26/01/2010

Lucky, lucky, lucky...

Opening night of ‘Bouncersat the Leicester Square Theatre Basement last night. This must be one of the most compact venues in the West End, a tiny room with a bar in one corner, forty or fifty seats arranged in two and two-half rows, and a playing area fifteen feet wide by eight feet deep. A friendly and supportive crowd filled the place – I seemed to be the only person who wasn’t on first-name terms with everyone else – as the room was filled with former classmates of a couple of the cast. Having your mates in the audience makes for an easy show, but the cast didn’t need them; this production would have stirred the most hostile crowd. Director/producer/actor Antony Law has made an excellent job of turning a fairly brief play (usually played in a double bill) into a value-for-money evening’s entertainment with some inventive physical business, and like Kung-Fu fighters, the cast deliver the lines with expert timing.


‘Bouncers’ is an actor’s delight. Four cast members switch back and forth between a multitude of characters - bouncers, punters both male and female, a rancid DJ, and more – at the drop of a handbag, and when played as well as this was, it is an audience’s delight too. Simon Higgins’s Judd gave the impression of only vaguely being aware what century it was, Luke Stevenson’s Les looked like a psychotic Tom Stoppard, Anthony Law’s Ralph looked as menacing as a rat with a flick-knife, while David Bauckham was given the plum role of “Lucky” Eric. Eric’s not so lucky after all – he’s the only character in the whole show who realises that there is a world outside the nightclub, and in four beautifully delivered monologues, silenced an hysterical audience and chilled them with his vision of what the bleak world of discos, alcopops, and casual sexuality really looks like; not so funny after all.

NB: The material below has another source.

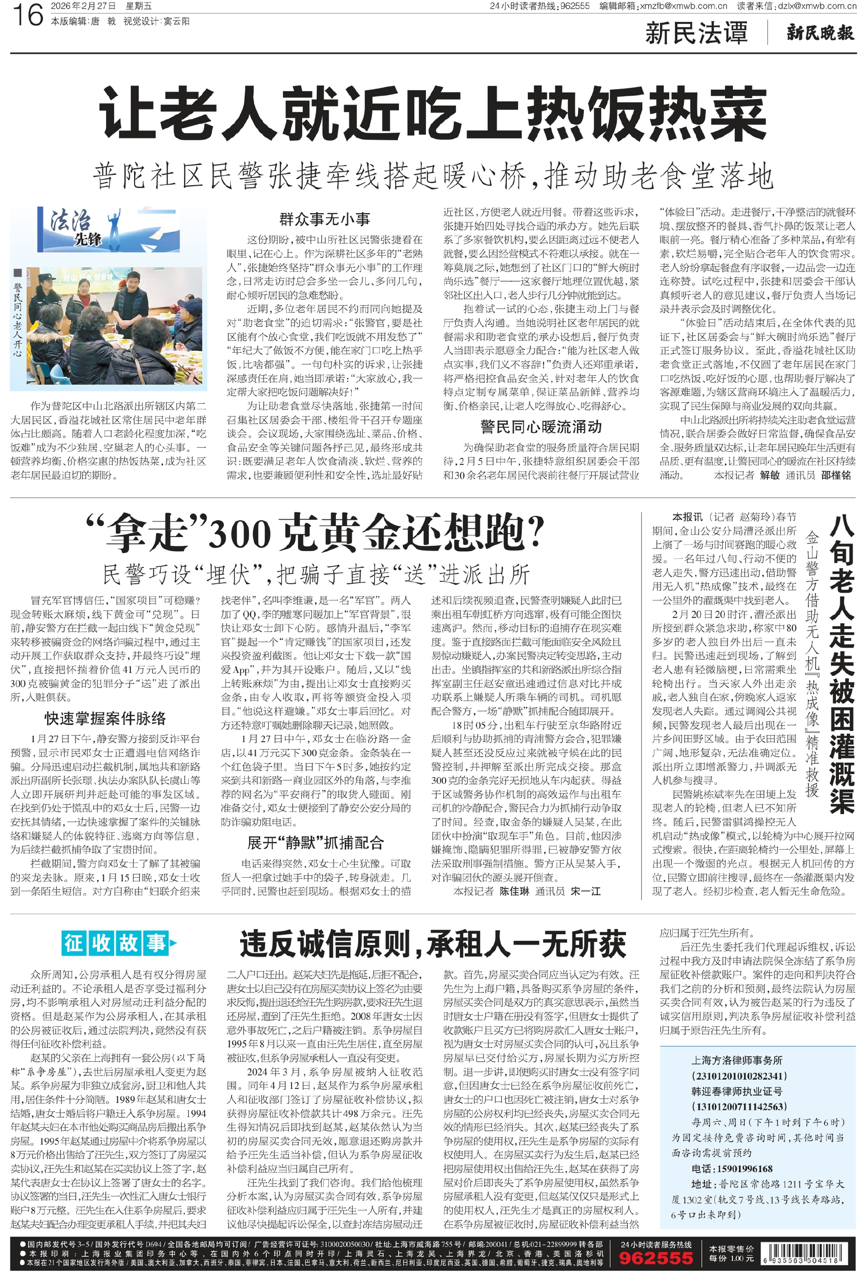 中山北路派出所将持续关注助老食堂运营情况,联合居委会做好日常监督,确保食品安全、服务质量双达标,让老年居民晚年生活更有品质、更有温度,让警民同心的暖流在社区持续涌动。 本报记者 解敏 通讯员 邵槿铭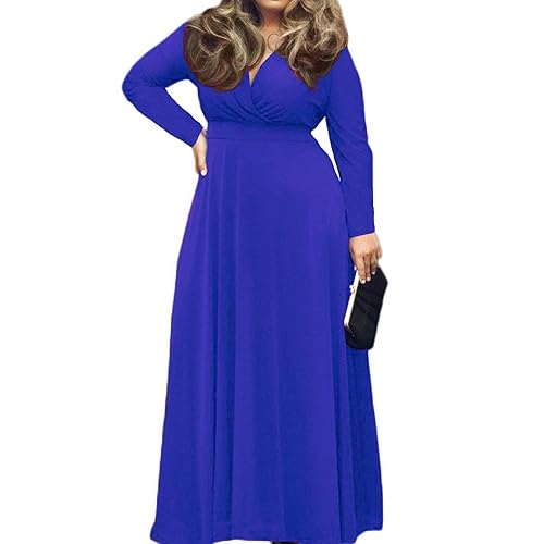Dark Blue Plunging Long Sleeve Casual Maxi Plus Size Dress 069354

Sure, the play shows its age from place to place. The two punks come straight from “The Young Ones”, and young women on the prowl nowadays are much more predatory than the ones on display here (or so the CCTV/Police Action TV schedule stuffers would have us believe), but the disco classics used in the show are almost certainly still being played every night in some disco around the country to this day. And the thought that nothing has really changed for the better in the thirty years since the play was written is a bleak one that resonates long after the laughter has stopped.